American writer, director, and musician

Cory McAbee (born August 29, 1961, Santa Venetia, California, US) is an American writer, director, singer and songwriter.

==Biography==
Cory McAbee was born in Northern California as the youngest of three children. His father was an auto mechanic and his mother was a preschool teacher. McAbee spent his summers living with his grandparents in the Nevada desert. McAbee's formal education ended with high school.

At the age of twenty, Cory McAbee learned how to write and perform music by forming a band. The band was never well received. It broke up after the first year.

For the next twelve years, McAbee worked as the head of security in bars and nightclubs throughout San Francisco. In 1989 he formed the musical group, The Billy Nayer Show. In 1990 McAbee completed his first animated short, Billy Nayer. The film premiered in its final form at the 1992 Sundance Film Festival.

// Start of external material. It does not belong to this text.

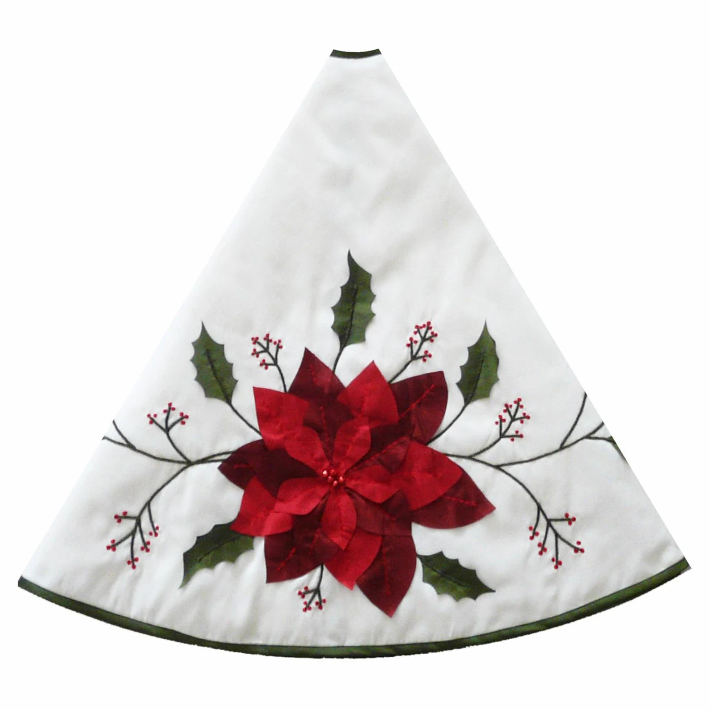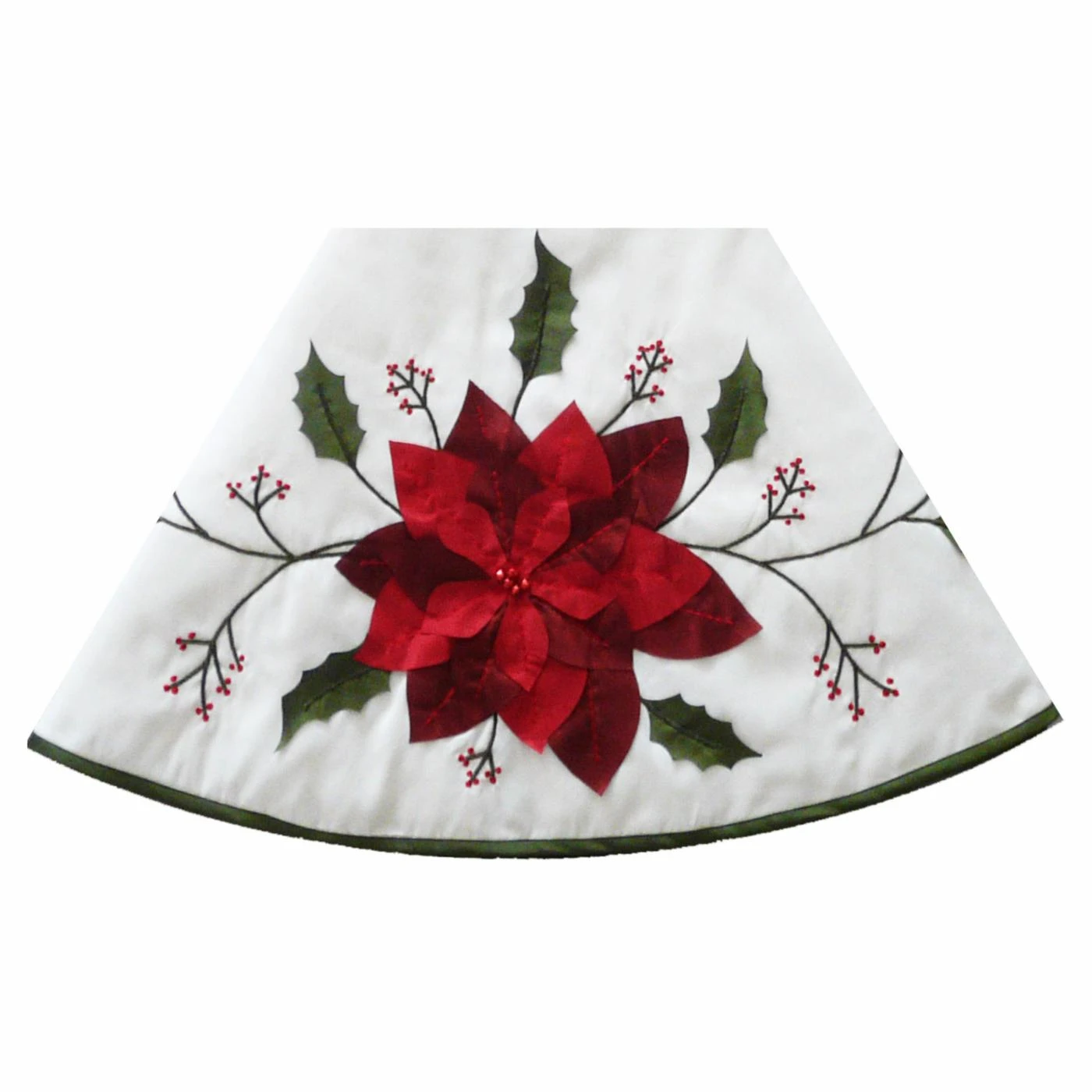 - Appliqued and embroidered bright red poinsettias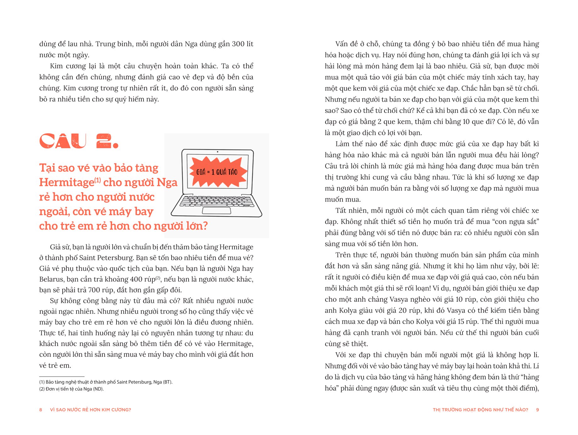 Đã bao giờ bạn tự hỏi: Tại sao dâu tây thường đắt hơn vào mùa đông, hay giá cả khi đi biển nghỉ mát lại đắt hơn vào mùa hè? Tại sao chúng ta phải xếp hàng dài trong viện bảo tàng hoặc siêu thị? Tại sao nhiều lúc chúng ta được đi tiêm miễn phí, nhưng đi chữa răng lại phải bỏ tiền? Chúng ta cần đóng thuế để làm gì và đóng cho ai?... Rất nhiều thắc mắc trong cuộc sống hằng ngày đều liên quan đến quy luật kinh tế, nhưng đôi khi chúng ta gần như không hề nhận ra. Vì Sao Nước Rẻ Hơn Kim Cương? - 48 Câu Hỏi “Xóa Mù” Kinh Tế Học chính là cuốn sách giải đáp những quy luật đó. Theo hình thức hỏi đáp, cuốn sách này sẽ giúp bạn dễ dàng hiểu được nền kinh tế đang vận hành ra sao, dù bạn là thanh thiếu niên hay người trưởng thành, đang là một người tiêu dùng, nhân viên công ty, một nhà tự doanh theo kiểu truyền thống hay đang ấp ủ ý tưởng khởi nghiệp… Bạn sẽ thấy kinh tế học không hề khô khan hay chỉ là chuyện của các chuyên gia. Nhận xét về cuốn sách: “Tác giả hơi khiêm tốn, cuốn sách này rất thú vị với độc giả trẻ, nhưng cũng thu hút sự quan tâm của người trưởng thành.” Giáo sư Vladimir Mau – nguyên Hiệu trưởng Học viện Hành chính Công và Kinh tế Quốc dân Nga, thành viên Đoàn Chủ tịch Hội đồng Kinh tế trực thuộc Tổng thống Liên bang Nga “Đây là một cuốn sách độc đáo, giải thích các khái niệm cơ bản của khoa học kinh tế bằng ngôn ngữ đơn giản, ví dụ từ cuộc sống hằng ngày. Tìm hiểu về kinh tế chưa bao giờ dễ dàng đến thế!” Giáo sư Sergei Guriev - Viện khoa học chính trị Paris

Over the next couple of years, McAbee wrote and directed short films including The Ketchup and Mustard Man and The Man on the Moon. As a means of self-distribution, McAbee developed live musical performances that incorporated his short films. The show was called The Billy Nayer Chronicles. It was presented at the 1995 Sundance Film Festival as the festival's first multi-media event.

In 1996 McAbee wrote his first feature film, The American Astronaut. The screenplay was accepted to the 1998 Sundance screenwriters lab. The film premiered at the 2001 Sundance Film Festival.

In 2007 he wrote Stingray Sam with the intention of self-distribution on multiple platforms. Stingray Sam premiered at the 2009 Sundance Film Festival.

In 2011 The Billy Nayer Show released its final album and disbanded.

In 2012 McAbee released a non-budget experimental feature, Crazy and Thief, described by The New York Times as "a fitful sidewalk daydream."

In 2012 McAbee founded the international arts collaborative Captain Ahab's Motorcycle Club, with the goal of creating international solidarity between artists through the creation of a globally generated feature film, called Deep Astronomy. Beginning in 2012 and extending into 2017, McAbee performed concerts in support of this project throughout the US, Europe, and Australia. In 2015, McAbee recorded and produced his first solo album, Small Star Seminar, which become a catalyst for the film's narrative.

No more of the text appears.